> _Provided data_:
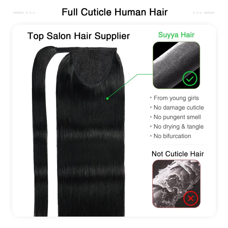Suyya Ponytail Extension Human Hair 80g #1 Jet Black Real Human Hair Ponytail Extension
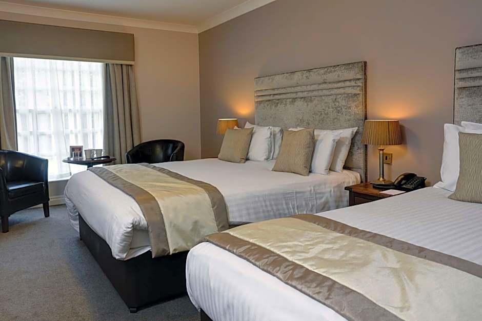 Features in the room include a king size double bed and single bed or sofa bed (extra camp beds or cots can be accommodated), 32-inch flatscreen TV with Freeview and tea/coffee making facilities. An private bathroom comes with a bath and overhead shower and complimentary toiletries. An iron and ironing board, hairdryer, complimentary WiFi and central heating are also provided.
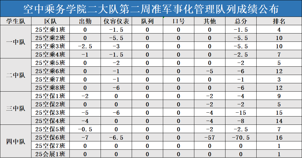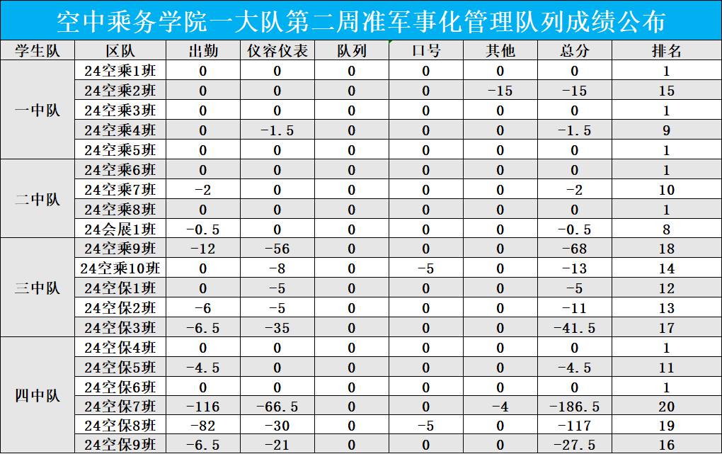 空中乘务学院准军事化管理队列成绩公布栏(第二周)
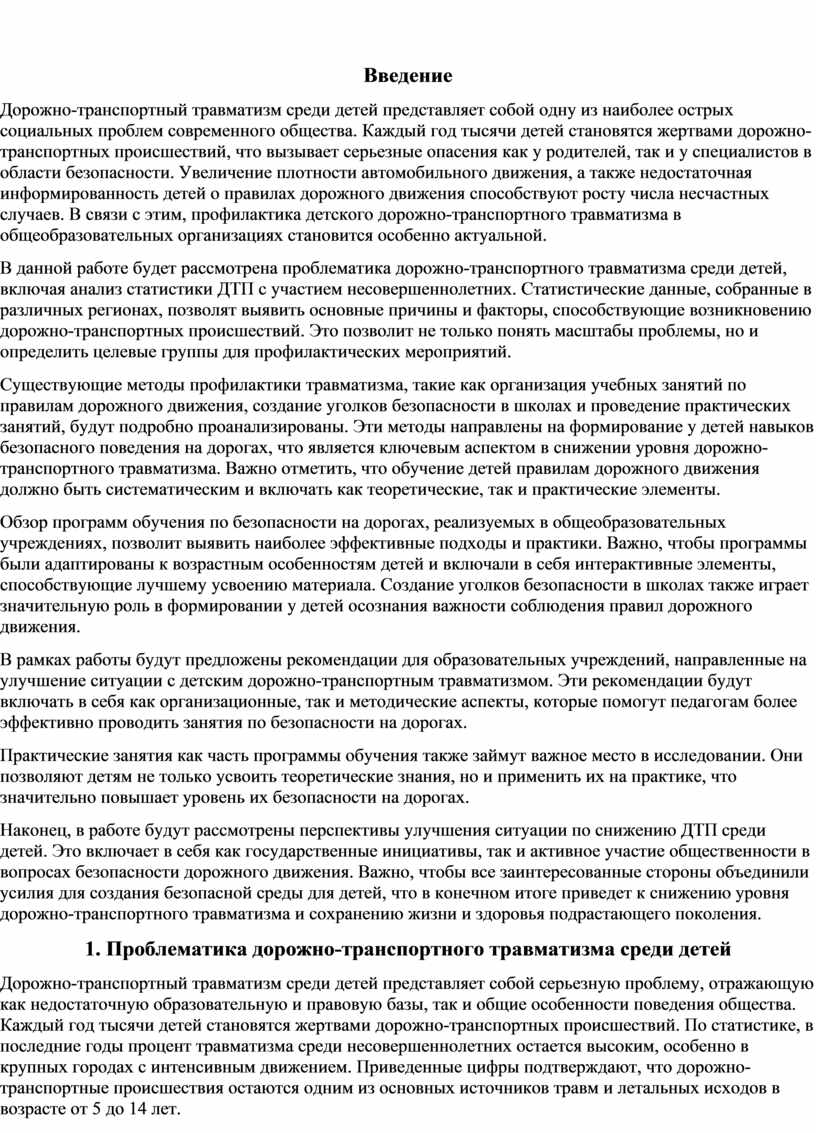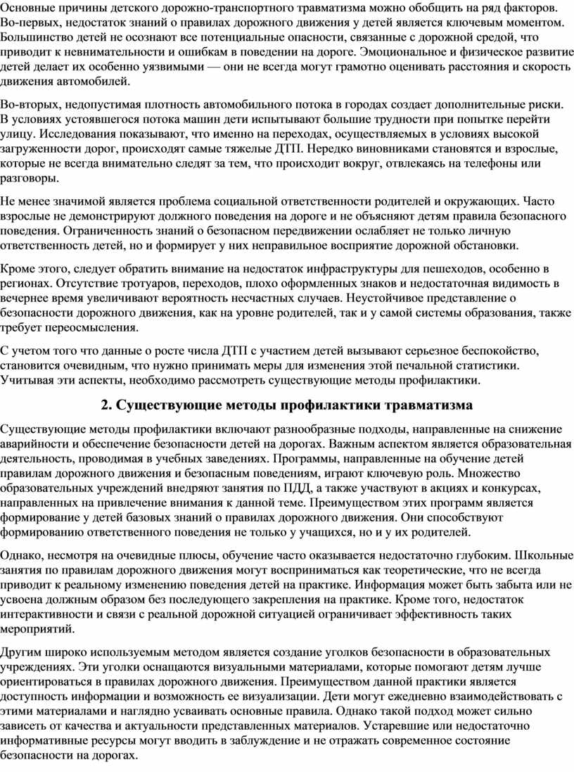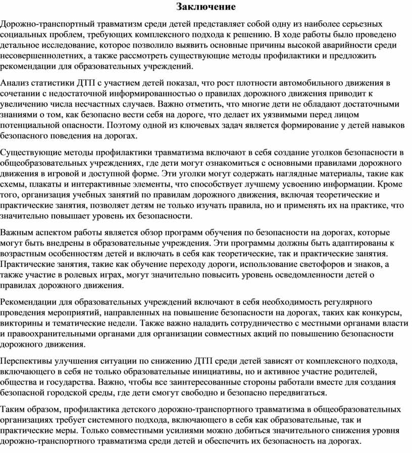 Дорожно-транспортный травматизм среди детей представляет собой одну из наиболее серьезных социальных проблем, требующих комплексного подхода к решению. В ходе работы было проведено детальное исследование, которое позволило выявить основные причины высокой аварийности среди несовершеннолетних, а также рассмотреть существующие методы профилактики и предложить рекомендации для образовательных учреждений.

> _Work item_:
An exact reproduction of the lines from the line containing "空中乘务学院准军事化管理队列成绩公布栏(第二周)" through the end of the listing above is needed; pictures stay out.

> _The answer_:
 空中乘务学院准军事化管理队列成绩公布栏(第二周)
 Дорожно-транспортный травматизм среди детей представляет собой одну из наиболее серьезных социальных проблем, требующих комплексного подхода к решению. В ходе работы было проведено детальное исследование, которое позволило выявить основные причины высокой аварийности среди несовершеннолетних, а также рассмотреть существующие методы профилактики и предложить рекомендации для образовательных учреждений.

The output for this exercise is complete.